Cucina
Il grande bluff del gourmet: piatti poveri che ora costano un patrimonio
Farinata, trippa, cacio e pepe e pane e panelle: piatti della fame che oggi trionfano nei menù dei ristoranti gourmet. Ma dietro l’estetica minimal e le posate in argento, resta una domanda: è giusto pagare 18 euro per ciò che un tempo si mangiava con le mani sul marciapiede?
Una volta c’erano le osterie. Quelle vere. Dove il vino si versava nei bicchieri di vetro spesso, il pane era duro da far paura e la trippa costava meno di un pacco di gomme da masticare. Poi sono arrivati loro: gli chef stellati con la nostalgia selettiva, i bistrot urbani col design da show room, le cucine “di territorio” che hanno dimenticato il prezzo del territorio. E così ci siamo ritrovati a pagare 14 euro per un piatto di polenta, 12 per un assaggio di farinata “rivisitata” e 18 euro per tre listarelle di trippa “alla moda del quartiere”.
La cucina povera, quella nata per necessità, è diventata la nuova miniera d’oro del gourmet contemporaneo. Il miracolo? Servire cibo da contadini con la retorica del comfort food e l’impiattamento da laboratorio di architettura.
Prendiamo ad esempio il pane e panelle. In Sicilia si mangia in piedi, bruciandosi le mani e imprecando felici. Adesso invece te lo servono su pietra lavica, con coulis di finocchietto e arie al limone di Amalfi. Prezzo? “Dodici, ma pane fatto in casa.” Grazie tante, lo era anche nel 1870.
E vogliamo parlare della pasta e patate? Un tempo piatto unico di chi non aveva altro che una cipolla e un mozzico di provola. Oggi la trovi con chips croccanti e profumi d’oriente, impiattata con le pinzette. Con buona pace delle nonne, che te la buttavano nel piatto con la mestolata larga.
Poi c’è il trionfo dei piatti “poveri ma dignitosi”: la zuppa di ceci, la farinata, la minestra riscaldata. Presentati come esperienze sensoriali, “ritorni all’essenza”, “poesia del cucchiaio”. Il cucchiaio è in acciaio satinato. La poesia, spesso, è quella del conto.
Il massimo si tocca con la cacio e pepe, già trasformata in simbolo di orgoglio culinario nazionale.
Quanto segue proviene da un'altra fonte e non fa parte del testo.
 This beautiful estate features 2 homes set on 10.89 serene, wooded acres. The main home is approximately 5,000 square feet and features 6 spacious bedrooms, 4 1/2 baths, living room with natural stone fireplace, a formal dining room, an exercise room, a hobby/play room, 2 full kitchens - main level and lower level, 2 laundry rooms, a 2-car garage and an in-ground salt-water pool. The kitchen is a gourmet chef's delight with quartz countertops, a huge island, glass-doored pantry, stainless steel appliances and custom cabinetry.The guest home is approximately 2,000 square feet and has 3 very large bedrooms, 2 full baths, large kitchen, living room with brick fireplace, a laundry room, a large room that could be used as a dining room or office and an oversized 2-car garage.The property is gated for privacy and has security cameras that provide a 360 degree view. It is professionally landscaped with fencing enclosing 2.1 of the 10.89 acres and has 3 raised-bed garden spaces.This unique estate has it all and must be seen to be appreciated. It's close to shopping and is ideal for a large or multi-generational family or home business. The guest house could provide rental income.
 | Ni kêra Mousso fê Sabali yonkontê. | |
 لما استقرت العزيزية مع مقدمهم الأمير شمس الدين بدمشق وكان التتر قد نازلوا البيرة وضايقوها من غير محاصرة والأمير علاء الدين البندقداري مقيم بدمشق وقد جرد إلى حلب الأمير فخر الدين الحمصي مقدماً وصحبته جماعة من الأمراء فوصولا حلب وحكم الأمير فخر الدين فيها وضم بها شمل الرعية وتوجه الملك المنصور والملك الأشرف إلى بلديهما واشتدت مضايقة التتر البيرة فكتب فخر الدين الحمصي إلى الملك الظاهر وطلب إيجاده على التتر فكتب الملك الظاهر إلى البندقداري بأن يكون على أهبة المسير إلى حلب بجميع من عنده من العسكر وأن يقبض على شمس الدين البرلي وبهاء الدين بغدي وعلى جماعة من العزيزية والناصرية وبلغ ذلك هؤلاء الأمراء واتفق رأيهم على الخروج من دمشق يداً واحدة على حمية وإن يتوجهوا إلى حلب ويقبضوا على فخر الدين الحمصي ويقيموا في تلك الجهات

Oggi fa pendant col vino naturale e si accompagna a spiegoni sul pecorino invecchiato “sotto grotta”. Ma sotto grotta una volta ci viveva chi la cacio e pepe la faceva davvero, col formaggio buono ma senza troppe cerimonie.
Non si tratta di difendere la nostalgia a tutti i costi. È sacrosanto che la cucina si evolva, che certi sapori tornino a vivere. Ma c’è un limite tra omaggio e appropriazione, tra riscoperta e furto con destrezza ai danni del popolo affamato.
Perché se un piatto nasce per i poveri, va benissimo celebrarlo. Ma non si può venderlo a peso d’oro. Anche perché, come diceva il cuoco della mensa operaia: “Se vuoi fare il ricco con la minestra, aggiungi l’acqua e non le bolle di tartufo”.